===== MATERIAL FOR THIS EXERCISE
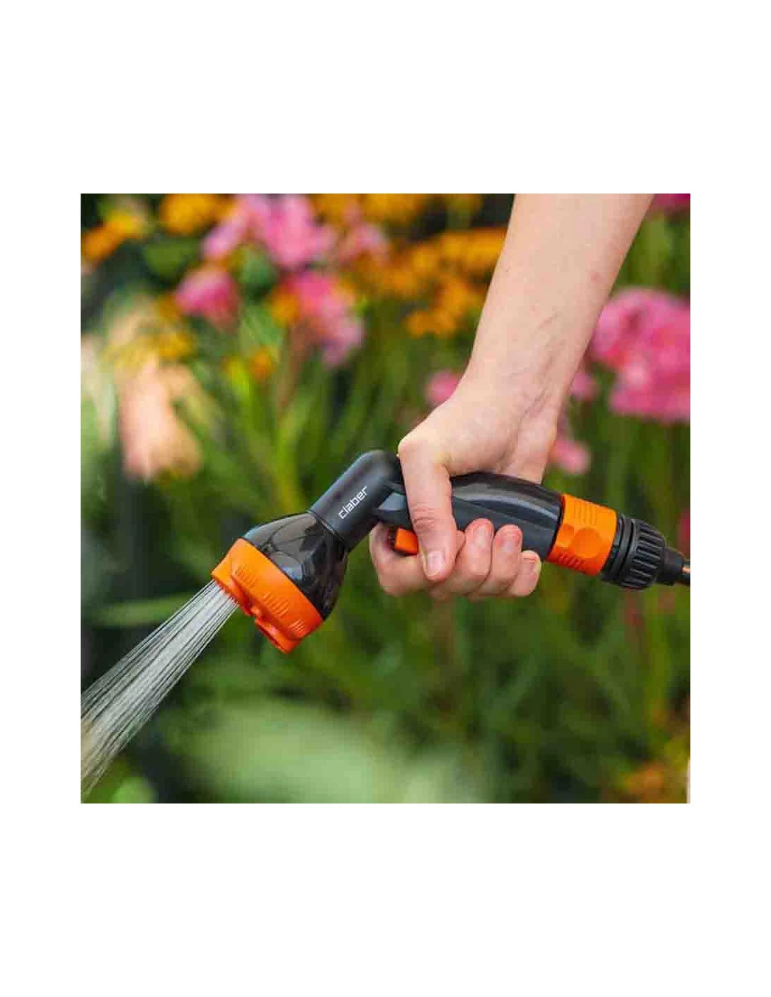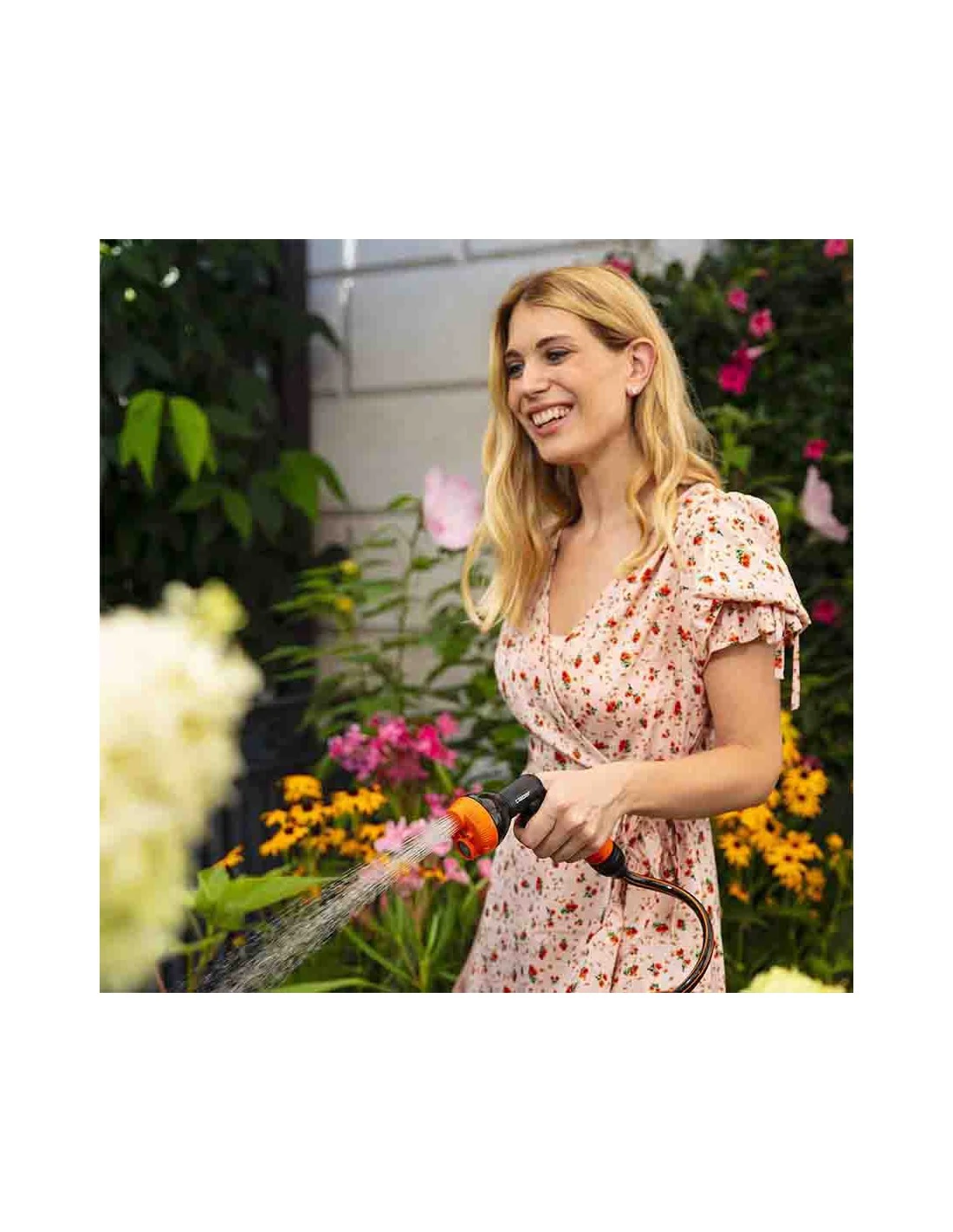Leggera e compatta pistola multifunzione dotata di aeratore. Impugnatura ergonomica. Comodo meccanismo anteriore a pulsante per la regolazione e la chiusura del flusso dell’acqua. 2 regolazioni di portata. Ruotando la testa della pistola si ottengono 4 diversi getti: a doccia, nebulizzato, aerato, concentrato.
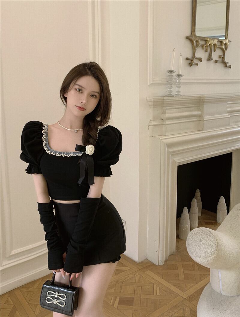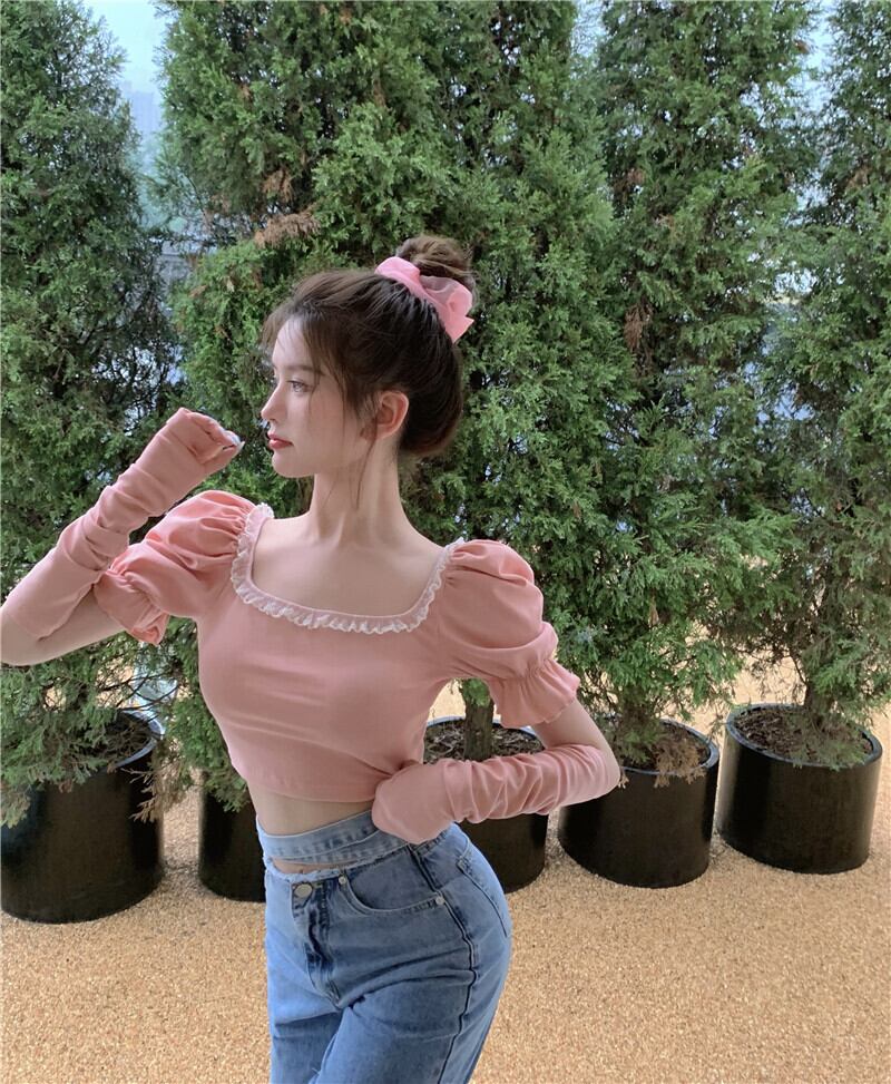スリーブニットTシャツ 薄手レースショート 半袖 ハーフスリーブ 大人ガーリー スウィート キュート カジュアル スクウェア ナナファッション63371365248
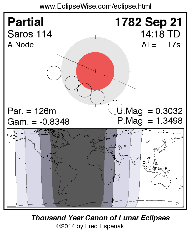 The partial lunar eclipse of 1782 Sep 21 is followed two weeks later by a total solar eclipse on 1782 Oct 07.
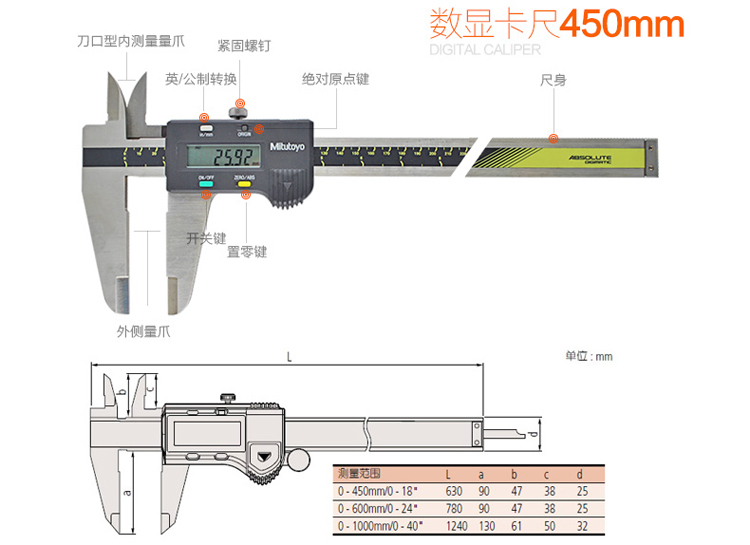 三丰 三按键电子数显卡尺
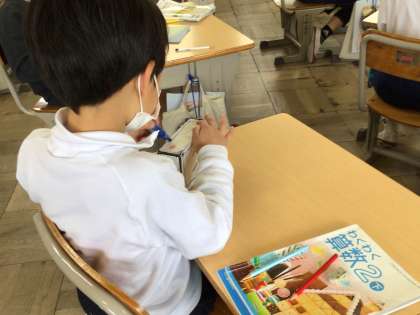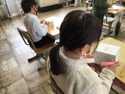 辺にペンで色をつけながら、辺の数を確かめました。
==========
### [YOUR OBJECTIVE]
The entries above should be written out in full, and any picture in them left out.

### [RESPONSE TO THE EXERCISE]
Leggera e compatta pistola multifunzione dotata di aeratore. Impugnatura ergonomica. Comodo meccanismo anteriore a pulsante per la regolazione e la chiusura del flusso dell’acqua. 2 regolazioni di portata. Ruotando la testa della pistola si ottengono 4 diversi getti: a doccia, nebulizzato, aerato, concentrato.
スリーブニットTシャツ 薄手レースショート 半袖 ハーフスリーブ 大人ガーリー スウィート キュート カジュアル スクウェア ナナファッション63371365248
 The partial lunar eclipse of 1782 Sep 21 is followed two weeks later by a total solar eclipse on 1782 Oct 07.
 三丰 三按键电子数显卡尺
 辺にペンで色をつけながら、辺の数を確かめました。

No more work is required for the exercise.